Ok. First I have to buy the smoked salt, which can be expensive, so I wanted to ask first. If I decide to try it with smoked salt, I'll post photos.


----------



## chef jimmyj (Apr 24, 2012)

Caution my friend...Many Spice companies flavor their salt with smoke powder or smoke oil. These range in the $6-$13 a pound. You can make your own or these guys have the Real Deal actual Smoked salt for $10 a Lb with free shipping. Have fun...JJ

BTW: Look over the sight, they have a few different types and flavors of smoked salt.

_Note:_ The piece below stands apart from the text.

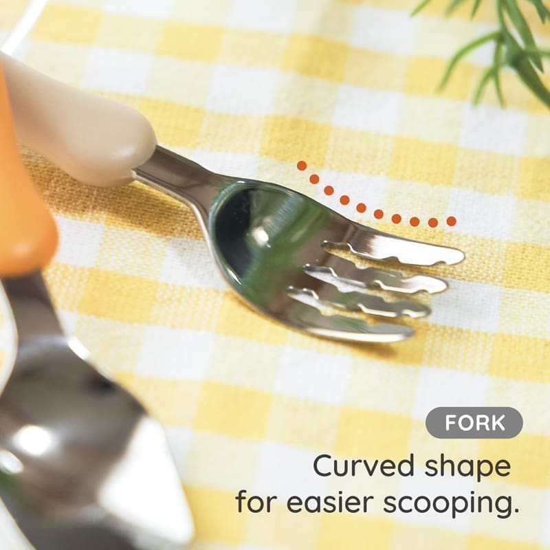 Specialiai mažo vaiko rankai sukurto ergonomiško kotelio dėka šakutę ir šaukštą lengva suimti ir laikyti įvairiose pozicijose.

http://www.saltworks.us/shop/product.asp?idProduct=968


----------



## tastysmoke (Apr 24, 2012)

Thanks for the tip.  I know a spice shop where I can get the real deal, but it's more expensive than $10/lb. They have alder and hickory.


----------



## daveomak (Apr 24, 2012)

smoke, try making your own....  others here have smoked salt....   Get some sea salt in the size crystal you want and put it in an aluminum pan in the smoker... In a few hours you will have $10-$20 $$$/lb salt....  Good luck..... take pics....  Dave


----------



## custom99 (Apr 24, 2012)

I make my salt with coarse sea salt. It is easier to work with when smoking it. I pour in on a splatter screen and smoke it for about 8-10 hours. After i am done I put it in a little electric grinder and grind it into a smaller crystal. My experience with finer salt is that I lose a lot of salt thru the screen even though it is a super fine mesh screen.


----------



## smokinhusker (Apr 24, 2012)

I've smoked coarse sea salt with no problems. The first time I did it on a paper plate and kept stirring it, but the spatter screen works well too. I then grind it to the coarseness I want. Works great with dehydrated and ground jalapenos!


----------



## tastysmoke (Apr 25, 2012)

If I had a place for a smoker I'd do that, but I don't.  I'm working on getting a friend to let me use their yard, and if that ever works out, I might try my own salt.


----------



## daveomak (Apr 25, 2012)

tastysmoke said:


> If I had a place for a smoker I'd do that, but I don't.  I'm working on getting a friend to let me use their yard, and if that ever works out, I might try my own salt.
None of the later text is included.